- ACTIVITY: Transcribe the listing word for word, beginning at its first line and ending at the line containing "Style 676368 J1D50"; omit the pictures.

- INFORMATION SHOWN:
=== Begin Enclosure ===

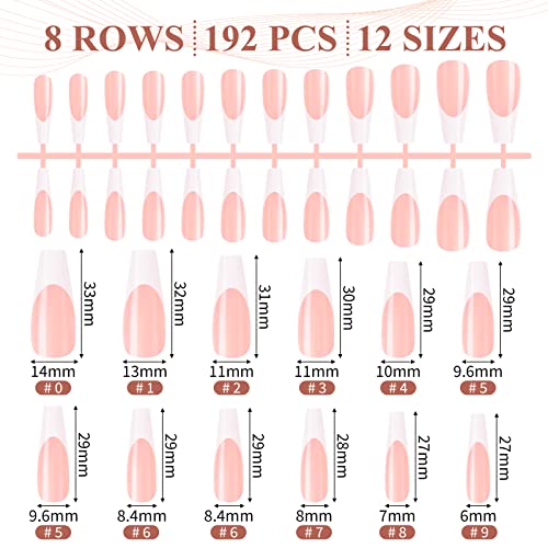 MELLIEX 192 Pezzi Unghie Finte Lunghe, Bara Francese Press on Unghie Finte con Colla e Lime, Compertura Completa Unghie Finte Acriliche per Donna Ragazza
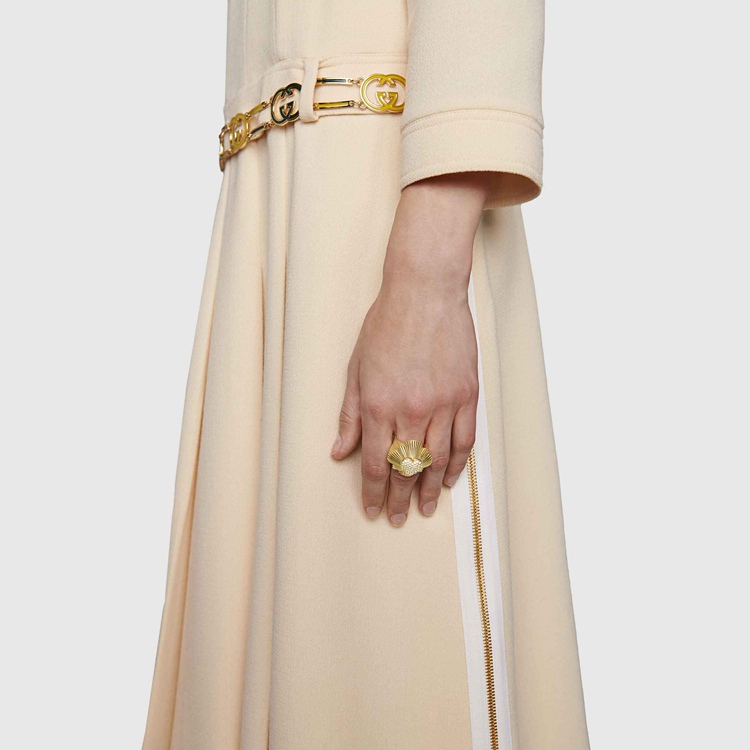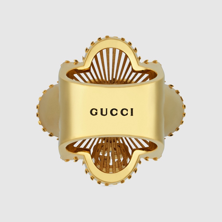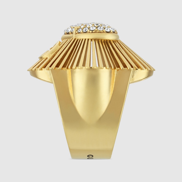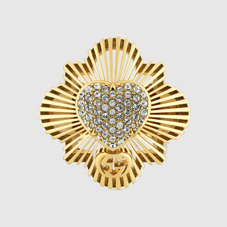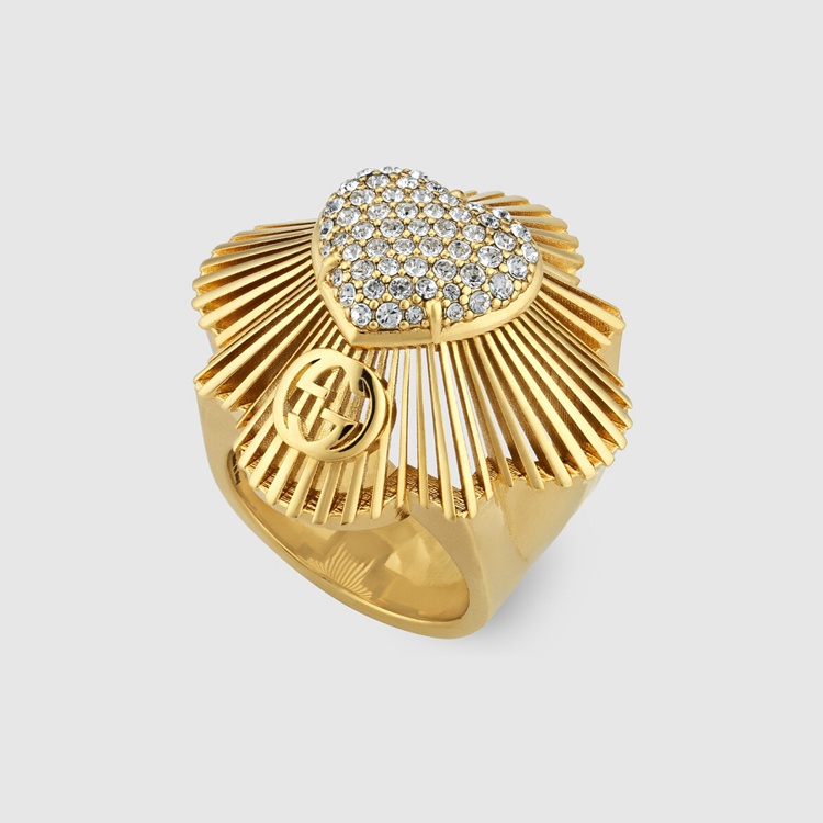 Style 676368 J1D50 8031 Taking a contemporary approach to an antique- Inspired design, This gold-toned metal ring is encrusted With a crystal heart detail. A single Interlocking G motif decorates The vintage style For a subtle logo feel.
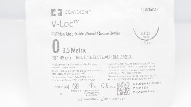 Covidien VLOCN0326 0 PBT Wound Closure Device GS-21 Taper 1/2c 37mm, 18inch
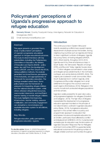 | Title: | Policymakers' perceptions of Uganda's progressive approach to refugee education |
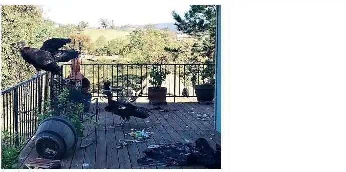 В Калифорнии живет несколько сотен диких кондоров. Двадцать ихз них объединились в стаю и регулярно громят веранду этого дома
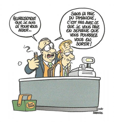Aaah ! Le travail les dimanches ! Voilà bien une victoire des anti-cléricaux bourgeois sur un repos dominical qui n’a jamais été déterminé que pour sa symbolique religieuse chrétienne au nom du libre exercice de la messe... Mais voilà ! La société française n’est plus ce qu’elle était, la vie spirituelle non plus. La population préfère souvent le farniente au dur labeur ; la vie de famille à la production industrielle ; la récréation culturelle à la saine activité salariale, bref, les travailleurs en France, qu’ils soient athées ; de gauche ; SDF ; d’une autre religion ; ou simplement réfractaires à tout se vautrent dans le lucre et la paresse ces jours-là !
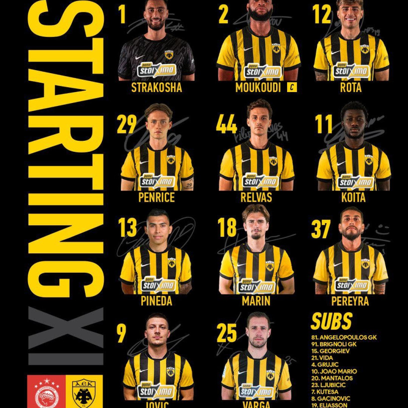 H ενδεκάδα της ΑΕΚ: Στρακόσα, Ρότα, Μουκουντί, Ρέλβας, Πενράις, Μαρίν, Πινέδα, Περέιρα, Κοϊτά, Βάργκα, Γιόβιτς.
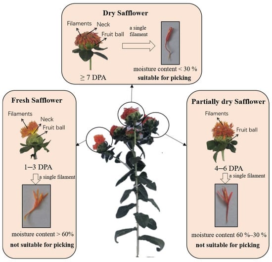 Safflower (Carthamus tinctorius L.), a versatile economic crop, boasts significant application value for its filaments across diverse sectors, including the food industry, traditional medicine, natural textile dyes, bio-based pigments, and cosmetic raw materials [,,]. However, the current reliance on manual harvesting methods presents considerable challenges []. This approach is not only labor-intensive and inefficient, leading to substantially increased picking costs [], but also adversely affects the quality and yield of the final product, thereby severely constraining the industrialization process of dry safflower [,,].
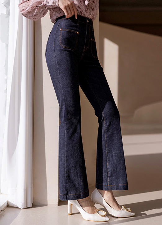 フロントポケットセンターライン フレアデニムパンツ pt32516
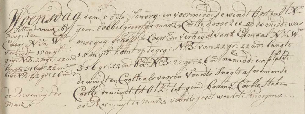 In the morning and forenoon the wind came from E and E by N and was a average Sail of which the surface area has been reduced two times in order to make the surface area smaller.double-reefed topsail breeze. We had high seas. At noon our estimated compound course and sailed distance of the last twenty-four hours was N½W 15 miles, getting on the estimated north latitude of 22°22’ longitude 316°22’, with a found north latitude of 22°26’. During the afternoon and dog watches the wind and breeze were as before. Then during the night the breeze became more quiet. The wind came from E by S and was an average topgallant sail breeze. We took the reefs from the top sails. Good weather till the morning.
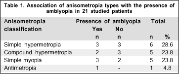 Association of anisometropia with amblyopia occurred in 10 (47.6%) cases, 8 being unilateral amblyopia and 2 bilateral amblyopia.
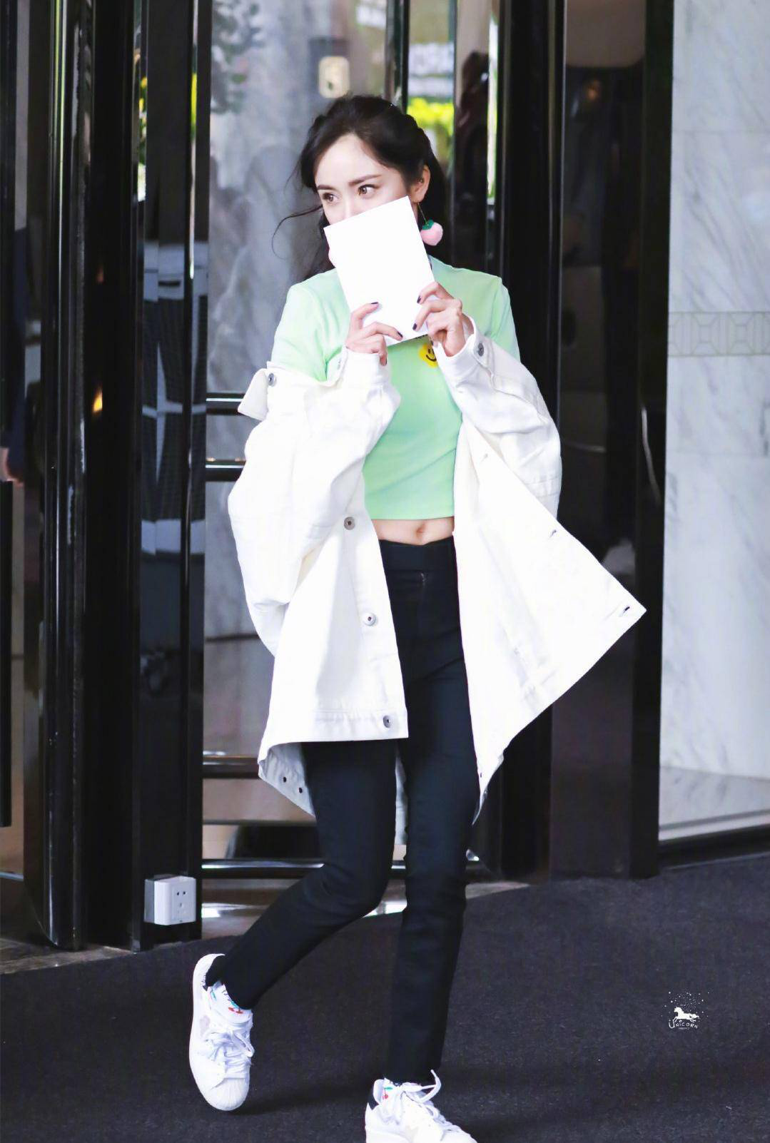 杨幂的身材是真的好,不仅仅是瘦,而且比例也是很不错的。穿着紧身的绿色的衣服搭配黑色的裤子。特别的有少女感了。这个身材是真的好,也特别的苗条。
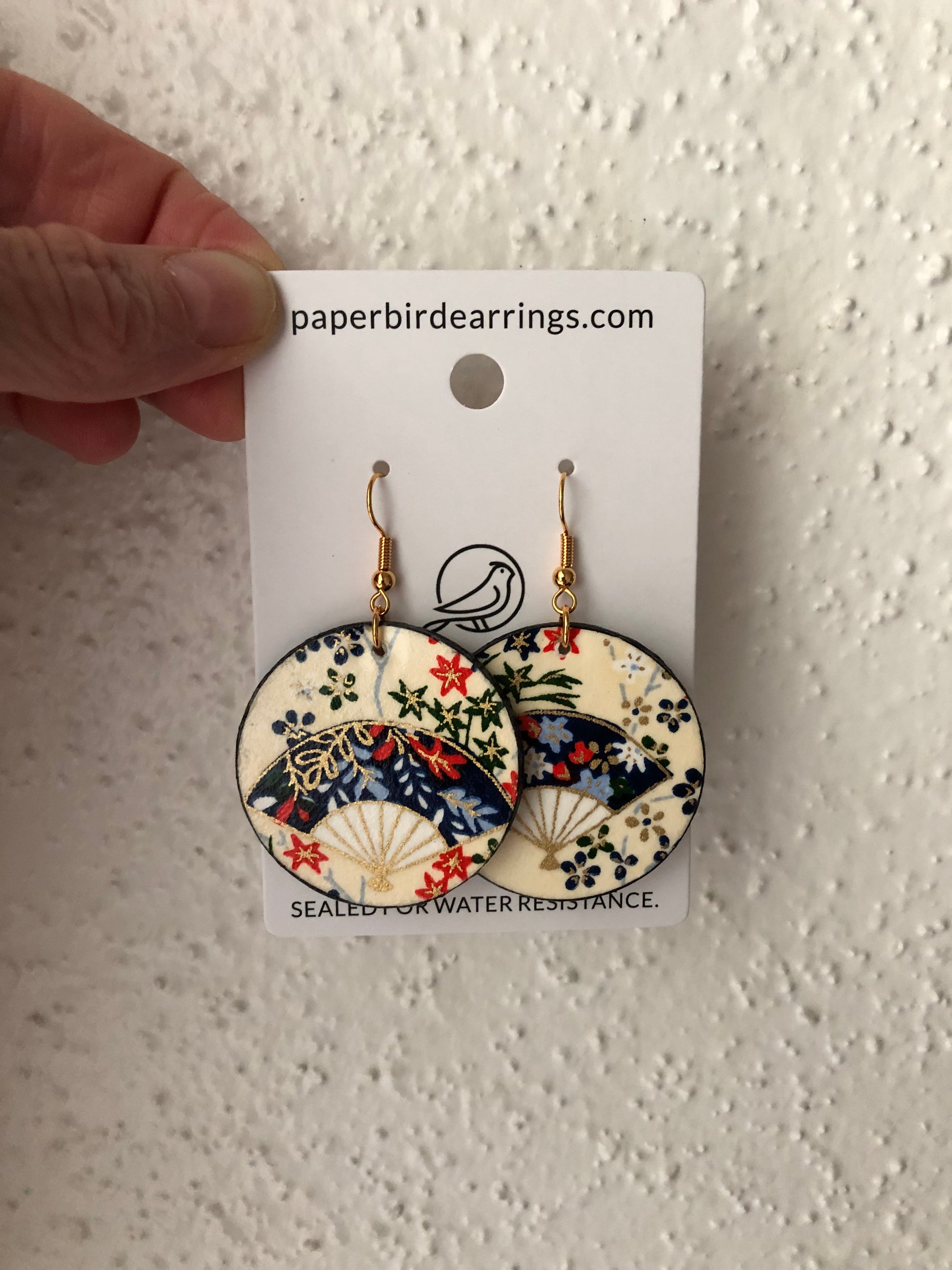 Our handmade Sensu fan paper earrings are made of Japanese hand silkscreened paper highlighted with gold edging.

=== End Enclosure ===

- RESULT OF THIS EXERCISE:
 MELLIEX 192 Pezzi Unghie Finte Lunghe, Bara Francese Press on Unghie Finte con Colla e Lime, Compertura Completa Unghie Finte Acriliche per Donna Ragazza
 Style 676368 J1D50 8031 Taking a contemporary approach to an antique- Inspired design, This gold-toned metal ring is encrusted With a crystal heart detail. A single Interlocking G motif decorates The vintage style For a subtle logo feel.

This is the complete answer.